10y T v. 30y Conventional Mortgage Spread?
±10 bps, FedGov is not a playah
5% (3 votes)
25-50 bps, transactional costs
11% (6 votes)
51-75 bps, uncertainty premium
18% (10 votes)
76-100 bps, supply/demand reasserts itself
18% (10 votes)
101-125 bps, historical mean?
11% (6 votes)
126-150 bps, all of the above
9% (5 votes)
151+ bps, market price
27% (15 votes)
Total votes: 55

Comments
Bloomberg.com:
Personal Finance
Bloomberg.com:
Government Bonds
March 18th, 4.34-3.67 = 67bps
March 19th, 4.37-3.69= 68bps
March 22nd, 4.32-3.66 = 66bps
March 24th, 4.50-3.84 = 66bps
March 30th, 4.48-3.86=62bps
Mark it. QE is officially over today, March 31st.
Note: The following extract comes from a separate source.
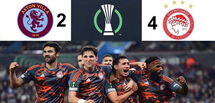 Ο Ολυμπιακός πήρε θρυλικό «διπλό» στην έδρα της Άστον Βίλα με σκορ 4-2, για τον πρώτο ημιτελικό του Conference League.

GLTA. Spread at market close is:
March 31st, 4.50-3.83=67bps.
And so it begins:
April 1st, 4.56 - 3.86 = 70bps
April 5th, 4.67- 3.98=69bps
April 19th, 4.47-3.80=67bps
April 30th, 4.39-3.66=73bps.
Why did Bernanke print that 1.25T anyway?
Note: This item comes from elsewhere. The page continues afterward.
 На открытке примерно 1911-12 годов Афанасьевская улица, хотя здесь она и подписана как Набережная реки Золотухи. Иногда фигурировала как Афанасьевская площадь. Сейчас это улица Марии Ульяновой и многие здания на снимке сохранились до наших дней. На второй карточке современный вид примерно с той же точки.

What's the date of judgement?
I want a new entry! Spreads won't change (because the market has been cross-pricing treasuries and mortgages all along), but all bond yields will face upwards pressure (removal of Fed stimulus) and the stock market will also slow its advance (and possibly rise no further this year) since the Fed is no longer exchanging fungible cash for toxic trash...
Is this supposed to be asking us for the absolute spread after April 1, or the change in the spread?
My 76-100bps vote infers the latter. I think the absolute spread will go to 1.5%+ absent continued Fed intervention in the markets.
Which, paradoxically, means that it won't.
Hey, wait a minute - we've got ourselves a recipriversexcluson!
You got it correct. The change in the spread. I agree, if we get close to market conditions they'll be forced to intervene.
picosec wrote:
I am voting for April 30th, to give the market time to "normalize".
Also assuming no re-intervention up until that date.
4.39-3.66=73bps.
Why did Bernanke print that 1.25T anyway?